On 1/6/22 5:02 PM, Assaf Gordon wrote:
> Hello,
>
> On 2022-01-06 7:35 a.m., Pádraig Brady wrote:
>> Thanks for taking the time to consolidate options/functionality
>> across different implementations. This is important for users.
>> Some notes below...
>>
>> On 05/01/2022 16:23, Rob Landley wrote:
>>> Around 5 years ago toybox added the -D, -F, and -O options to cut:
>>>
>>> -D Don't sort/collate selections or match -fF lines without
>>> delimiter
>>> -F Select fields separated by DELIM regex
>>> -O Output delimiter (default one space for -F, input delim for -f)
>>>
>>
>> As I see it, the main functionalities added here:
>> - reordering of selected fields
>> - adjusted suppression of lines without matching fields
>> - regex delimiter support
>>
>> I see regex support as less important, but still useful.
>>
>
>
> Attached is a suggestion for initial implementation of "cut -FDO".

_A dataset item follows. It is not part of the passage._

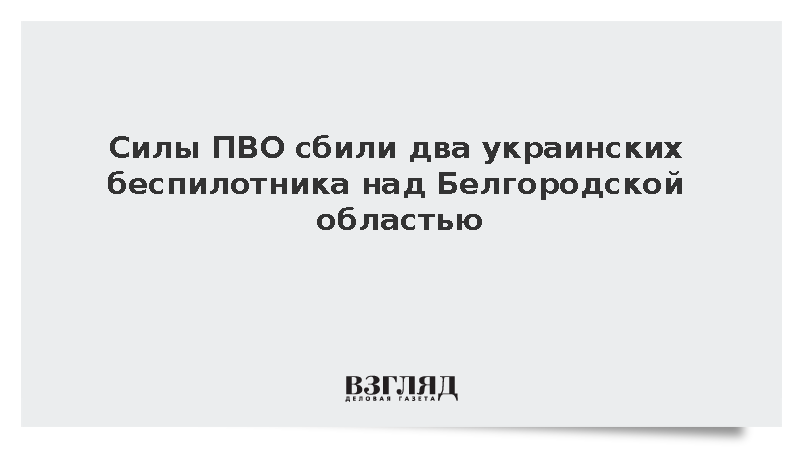 В Белгородской области системы ПВО сбили два украинских беспилотника в интервале с 15.00 до 15.30 мск.

> It's split into smaller steps to ease review.
>
> The main issue is that the current "cut_fields" and "cut_bytes" are
> highly optimized for speed, so I left them as-is and created a secondary
> set of 'cut' functions - slower but with additional options.
There was a whole special case -d$'\n' in busybox to cut by line that I haven't
found any documentation for, and it looks like that was copied from coreutils...
$ echo -e 'one\ntwo\nthree\nfour\nfive' | cut -d$'\n' -f 2-3
two
three
So I'm guessing there's already more than one codepath. :)
> If this is acceptable, I'll go on to clean up the patches, add more
> tests and write documentation.
>
> There are likely some edge-cases regarding regex matching that need to
> be decided upon (e.g. BRE or ERE, what about BOL/EOL anchors, groups, etc.).
Toybox is doing ERE by default because it was introduced post-y2k:
https://github.com/landley/toybox/blob/0.8.6/toys/posix/cut.c#L217
And ignoring BRE/ERE:
https://github.com/landley/toybox/blob/0.8.6/toys/posix/cut.c#L140
because I don't see how BOL/EOL applies to delimiters _between_ elements? (Any
delimiter between first element or after last element would mean another empty
element at the edge?)
Busybox inherited both behaviors.
Thanks,
Rob